→ Assigned task:
In the entries below, which lines run from the one with "Fototapeta premium cold" through the one with "Blockchain is a"? Repeat exactly those, both included, and no pictures.

→ Given entries:
_ _ _ _

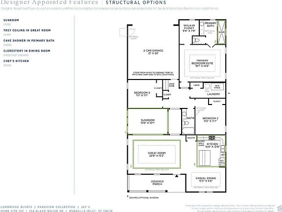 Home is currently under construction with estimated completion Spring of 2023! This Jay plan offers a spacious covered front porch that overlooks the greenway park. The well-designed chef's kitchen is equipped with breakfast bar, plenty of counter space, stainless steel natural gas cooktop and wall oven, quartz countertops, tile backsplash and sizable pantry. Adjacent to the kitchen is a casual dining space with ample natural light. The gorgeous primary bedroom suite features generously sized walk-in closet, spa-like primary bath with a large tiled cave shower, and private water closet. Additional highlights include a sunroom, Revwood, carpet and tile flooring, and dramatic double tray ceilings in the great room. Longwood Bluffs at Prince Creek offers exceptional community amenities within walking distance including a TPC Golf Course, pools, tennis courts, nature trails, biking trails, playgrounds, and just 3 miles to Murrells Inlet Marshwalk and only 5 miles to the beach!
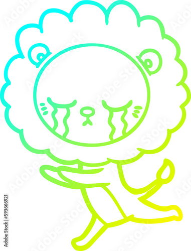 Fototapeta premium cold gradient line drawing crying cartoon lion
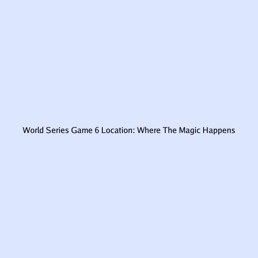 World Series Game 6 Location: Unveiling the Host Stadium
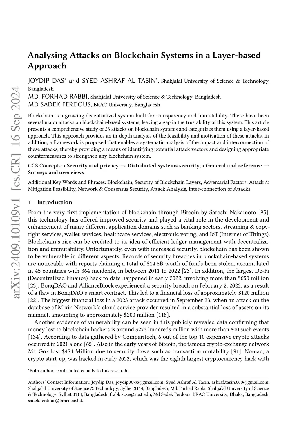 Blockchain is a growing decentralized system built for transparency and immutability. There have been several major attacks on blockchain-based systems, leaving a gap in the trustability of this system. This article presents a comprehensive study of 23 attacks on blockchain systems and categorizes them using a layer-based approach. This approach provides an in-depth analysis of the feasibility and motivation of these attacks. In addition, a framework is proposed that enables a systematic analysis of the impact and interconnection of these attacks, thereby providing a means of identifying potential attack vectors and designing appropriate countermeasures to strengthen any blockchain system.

_ _ _ _

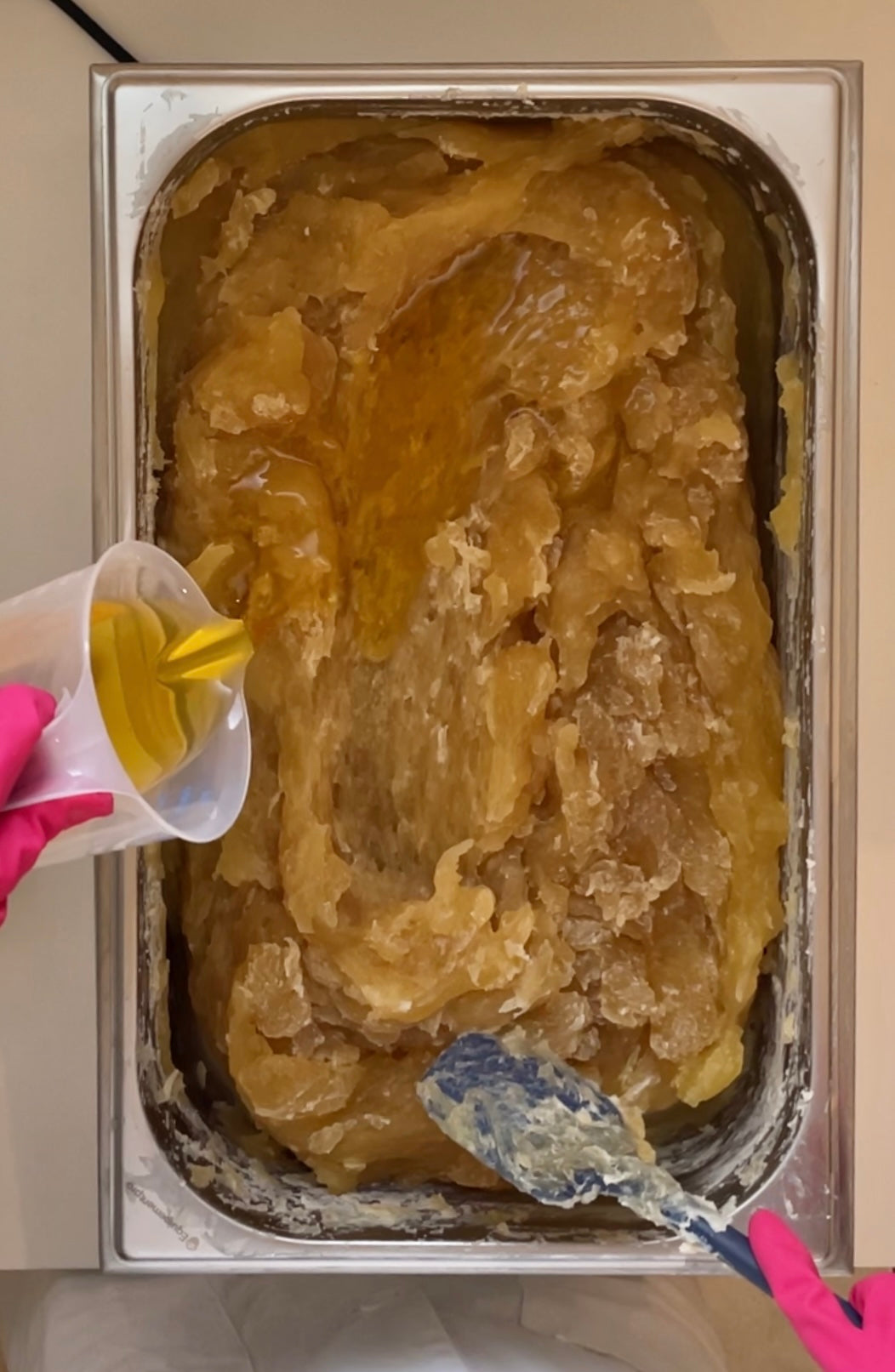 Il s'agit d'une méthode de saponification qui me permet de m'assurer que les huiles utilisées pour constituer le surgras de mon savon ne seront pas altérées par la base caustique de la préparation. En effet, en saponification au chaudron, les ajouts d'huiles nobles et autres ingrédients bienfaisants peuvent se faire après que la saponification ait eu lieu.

_ _ _ _

→ Expected answer:
 Fototapeta premium cold gradient line drawing crying cartoon lion
 World Series Game 6 Location: Unveiling the Host Stadium
 Blockchain is a growing decentralized system built for transparency and immutability. There have been several major attacks on blockchain-based systems, leaving a gap in the trustability of this system. This article presents a comprehensive study of 23 attacks on blockchain systems and categorizes them using a layer-based approach. This approach provides an in-depth analysis of the feasibility and motivation of these attacks. In addition, a framework is proposed that enables a systematic analysis of the impact and interconnection of these attacks, thereby providing a means of identifying potential attack vectors and designing appropriate countermeasures to strengthen any blockchain system.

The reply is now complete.